Modified: docheckgroups.in
===================================================================
--- docheckgroups.in	2011-08-16 14:28:07 UTC (rev 9343)
+++ docheckgroups.in	2011-08-16 14:33:18 UTC (rev 9344)
@@ -23,8 +23,10 @@
 fi
 
 ##  Copy the message without excluded newsgroups and append local newsgroups.
-cat | ${AWK} '{ if ($1 !~ /'"${2:-^#}"'/ && $1) { print $0 } }' >${T}/$$msg
-test -f ${LOCALGROUPS} && cat ${LOCALGROUPS} | ${EGREP} -v "^#" >>${T}/$$msg
+cat | ${PERL} -e 'while (<STDIN>) { my @fields = split();
+          print $_ if ((scalar(@fields) > 0) && ($fields[0] !~ /'${2:-^#}'/)
+              && ($fields[0] !~ /^#/)); }' > ${T}/$$msg
+test -f ${LOCALGROUPS} && cat ${LOCALGROUPS} | ${EGREP} -v "^#" >> ${T}/$$msg
 
 ##  Exit if there is no matching newsgroup (otherwise docheckgroups is eager
 ##  to delete everything).
@@ -43,22 +45,31 @@
 PATS=`${SED} <${T}/$$msg \
         -e 's/[ 	].*//' -e 's/\..*//' \
         -e 's/^!//' -e '/^$/d' \
-        -e 's/^/^/' -e 's/$/[. 	]/' \
+        -e 's/^/^/' -e 's/$/[\.\w]/' \
     | ${SORT} -u \
-    | (tr '\012' '|' ; echo '' )\
+    | (tr '\012' '|' ; echo '' ) \
     | ${SED} -e 's/|$//'`
 
 ##  Check for missing and obsolete newsgroups in active.
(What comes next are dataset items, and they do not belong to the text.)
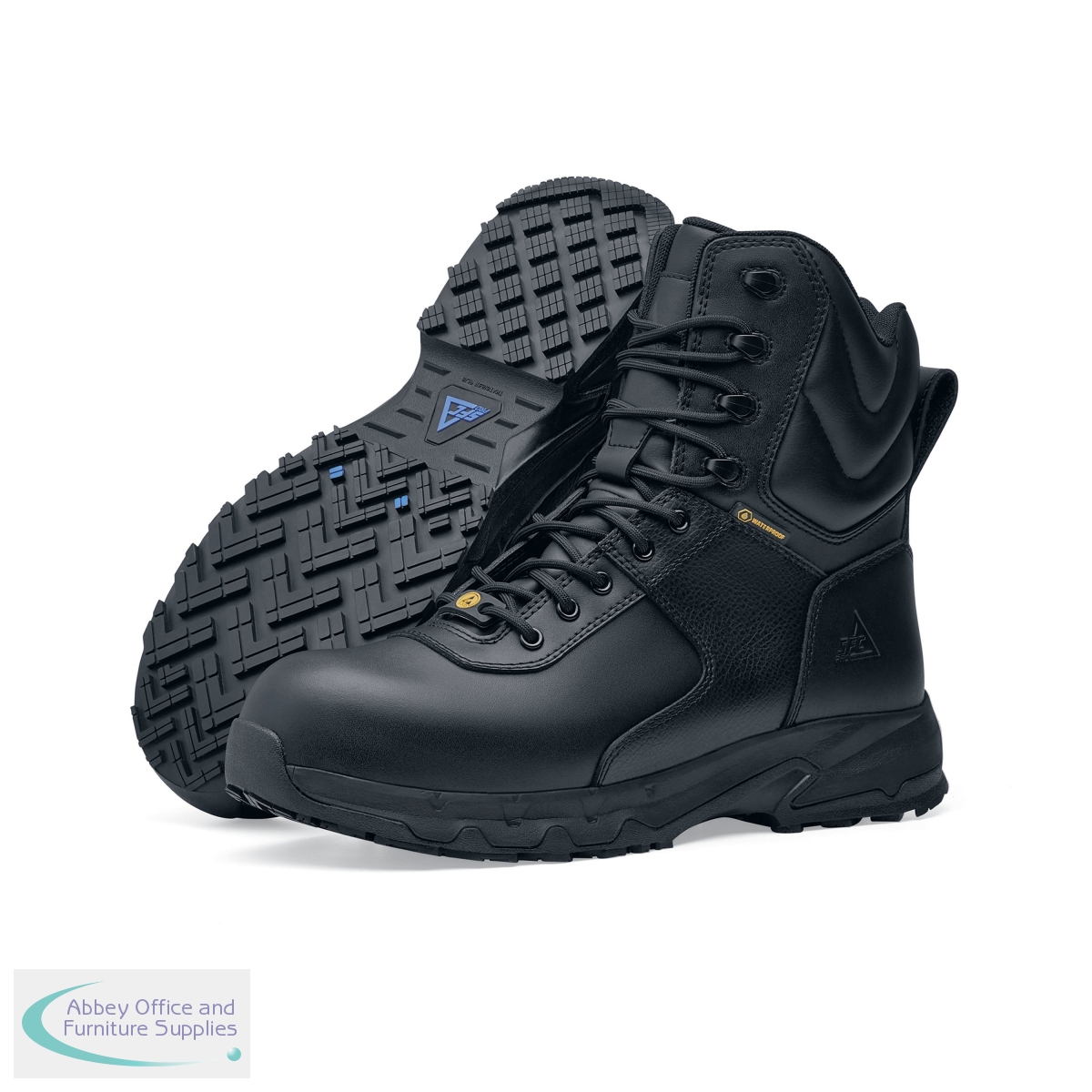 Shoes For Crews Unisex Guard High S3 Leather Waterproof Boot. With heat resisteant outsole, it is water resistant, slip resistant and has ladder grip. Superior slip and clog resistant outsole. The boot is waterproof with a nano composite toe cap as well as being puncture resistant and metal free. Resistant to Penetration by bloodborne Pathogens. Featuring TripGuard and a zip to easily put on and take off. Removable Cushioned Insole (Recycled EVA) and recycled Polyester lining.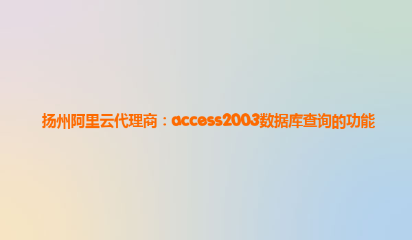 作为扬州地区的阿里云代理商,我们专注于帮助客户提升数据管理和查询效率。在这篇文章中,我们将重点介绍access2003数据库查询的功能,并为您解读阿里云的优势。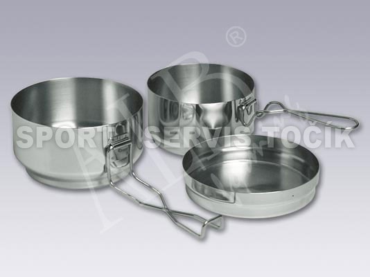 Popis: Nádobí Var, nerezové EŠUS, trojdílnýNádobí Var - Alb - popis: Nádobí je vyrobeno z kvalitního nerezu CrNi 18/10 s povrchem vně leštěným a uvnitř broušeným. Velká miska Ø 133 mm - 1,25 L Malá miska Ø 153 mm - 0,85 L Víčko Ø 158 mm - 0,30 L Vše vhodné na otevřený oheň, plynový a elektrický vařič Související sortiment naleznet v kategorii TURISTICKÁ OBUV | |||||||||||||||||||||
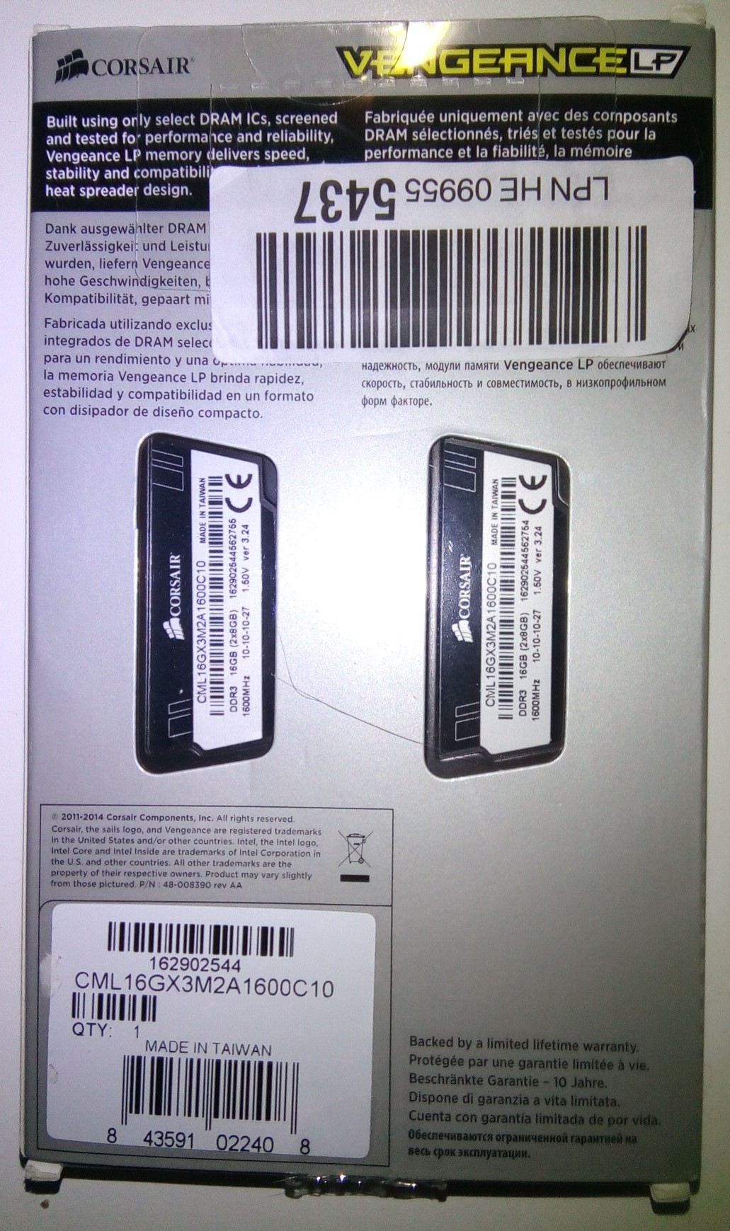 kit dual-channel dual-ranks low-profile 2*8GB DDR3 Corsair PC1600 "CML16GX3M2A1600C10" avec facture amazon.fr + boîte et garantie à vie : https://www.amazon.fr/dp/B007TG8QRW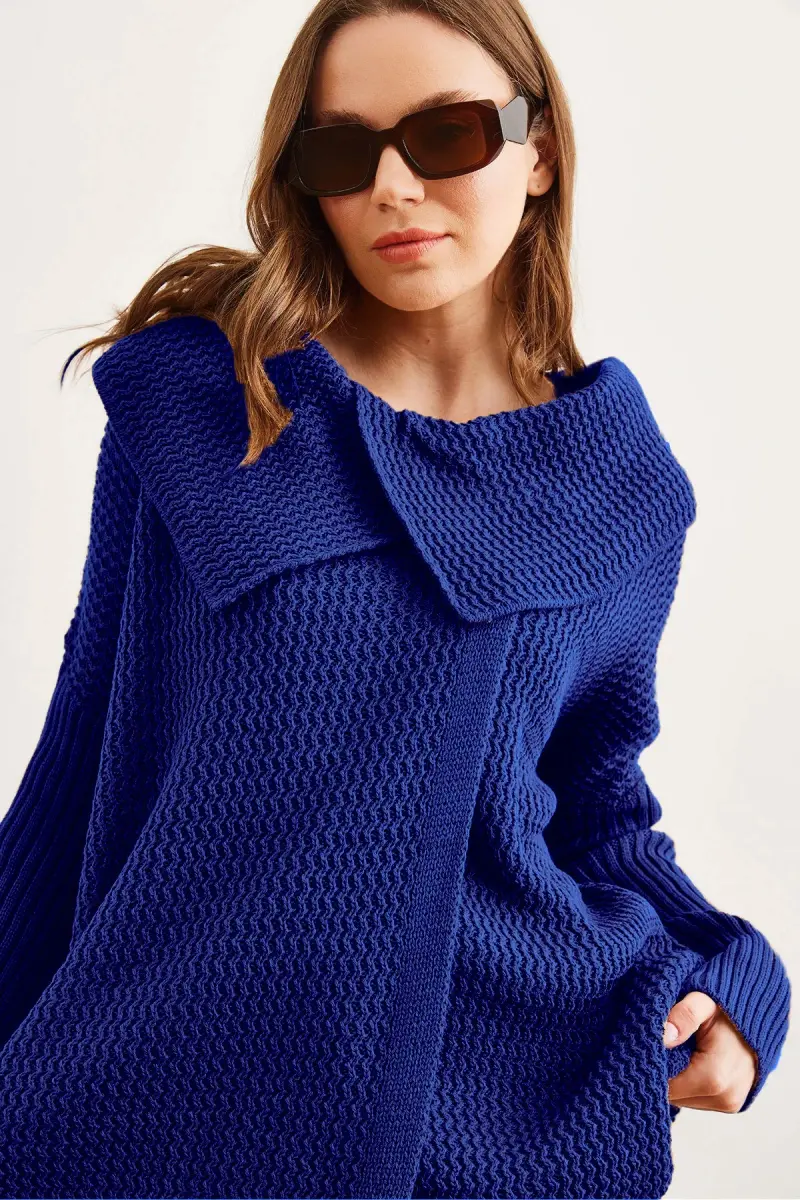 Kadın Saks Mavi Anvelop Yaka Düğmeli Triko Hırka HRK-19000326-Saks Mavi

-${AWK} '{ if (($1 ~ /'"${1:-.}"'/) && ($1 ~ /'"${PATS}"'/)) { print $1 } }' ${ACTIVE} | ${SORT} >${T}/$$active
-${AWK} '{ if (($1 ~ /'"${1:-.}"'/) && ($1 ~ /'"${PATS}"'/)) { print $1 } }' ${T}/$$msg | ${SORT} >${T}/$$newsgrps
+cat ${ACTIVE} | ${PERL} -e 'while (<STDIN>) { my @fields = split();
+    print $fields[0]."\n" if ((scalar(@fields) > 0) && ($fields[0] =~ /'${1:-.}'/)
+        && ($fields[0] =~ /'${PATS}'/)); }' | ${SORT} > ${T}/$$active
+cat ${T}/$$msg | ${PERL} -e 'while (<STDIN>) { my @fields = split();
+    print $fields[0]."\n" if ((scalar(@fields) > 0) && ($fields[0] =~ /'${1:-.}'/)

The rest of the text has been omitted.